Feilong Wang, Wenzhi Pan, Shuming Pan, Shuyun Wang, Qinmin Ge and Junbo Ge Usefulness of N-terminal pro-brain natriuretic peptide and C-reactive protein to predict ICU mortality in unselected medical ICU patients: a prospective, observational study. Critical Care 2011;15(1):R42. 

Discussion
In this large scale study of 576 unselected medical ICU patients, we found that NT-proBNP and CRP independently predicted ICU mortality even after adjustment for the APACHE II score and multiple potential confounders including eGFR, age...

...In the present study, we also used a more sensitive test of improvement in model discrimination [27]. We found that the addition of NT-proBNP to the APACHE II score significantly increased the ability to predict ICU mortality as demonstrated by the IDI (6.6%, P = 0.003) and NRI (16.6%, P = 0.007) indices. NT-proBNP was not an independent predictor of ICU mortality in the non-cardiac subgroup after adjustment for APACHE II score and CRP. Kotanidou et al. [13] found that NT-proBNP predicted mortality independently after the adjusted APACHE II score and some inflammatory cytokines levels in non-cardiac ICU patients. But they used TNF-a, IL-6, and IL-10 rather than CRP and enrolled many surgical and multiple trauma cases. In the cardiac subgroup, NT-proBNP independently predicted ICU mortality while the AUC of the APACHE II score was not different from that of NT-proBNP (0.81 ± 0.03 vs 0.77 ± 0.04; P > 0.05). The addition of NT-proBNP to the APACHE-II score can obviously increase predictive ability (IDI = 10.2%, P = 0.018; NRI = 18.5%, P = 0.028). Therefore, although NT-proBNP could predict ICU mortality in unselected medical patents, it appeared to be more useful in cardiac patients than in non-cardiac patients.

...One previous study showed no predictive value of CRP for in-hospital mortality, even in univariate analysis [21]. The scope of the study was rather small (N = 103) and, thus, the statistical power was less than that of our study. Moreover, the endpoint of the previous study was in-hospital mortality but not ICU mortality. The present study revealed that CRP was also an independent predictor of ICU mortality in unselected patients or non-cardiac patients...

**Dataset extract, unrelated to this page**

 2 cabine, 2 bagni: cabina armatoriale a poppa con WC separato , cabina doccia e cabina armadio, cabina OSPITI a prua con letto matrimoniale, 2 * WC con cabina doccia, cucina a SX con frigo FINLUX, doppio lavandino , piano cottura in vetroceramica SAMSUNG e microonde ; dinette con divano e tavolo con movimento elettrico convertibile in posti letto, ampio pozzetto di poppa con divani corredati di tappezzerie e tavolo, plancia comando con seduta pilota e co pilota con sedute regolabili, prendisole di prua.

Several limitations of our study should be mentioned. First, neither echocardiography was performed nor cardiac function assessed in the present study. The division of subgroups was according to primary admission cause. Thus patients in the non-cardiac group may also have cardiac disease and cardiac dysfunction. However, patients with cardiac diseases as the primary principal diagnosis leading to ICU admission must have cardiac diseases. The statistical conclusion drawn from the cardiac group was appropriate. Second, this was a single-center study, and participants did not include surgery and trauma patients. The value for NT-proBNP in prediction of adverse outcome would be a bit different if the population was different. At last, a limitation of the net reclassification improvement and other reclassification measures is that they depend on the particular categories used [26]. We had used < 10%, 10% to 30%, and 30% to 50%, and > 50% for the risk of ICU death as risk categories. But there are still no well-recognized risk categories now. If the risk categories used had been different, the NRI would be a bit different.

Conclusions
In this large-scale study of unselected ICU patients, we confirmed that NT-proBNP and CRP can serve as moderate independent predictors of ICU mortality. Although the predictive ability was lower compared with the APACHE II score, but the addition of CRP or NT-proBNP or both to the APACHE II score could significantly improve the ability to predict ICU mortality, as demonstrated by IDI and NRI indices. NT-proBNP appeared to be more useful for predicting ICU outcomes in cardiac patients.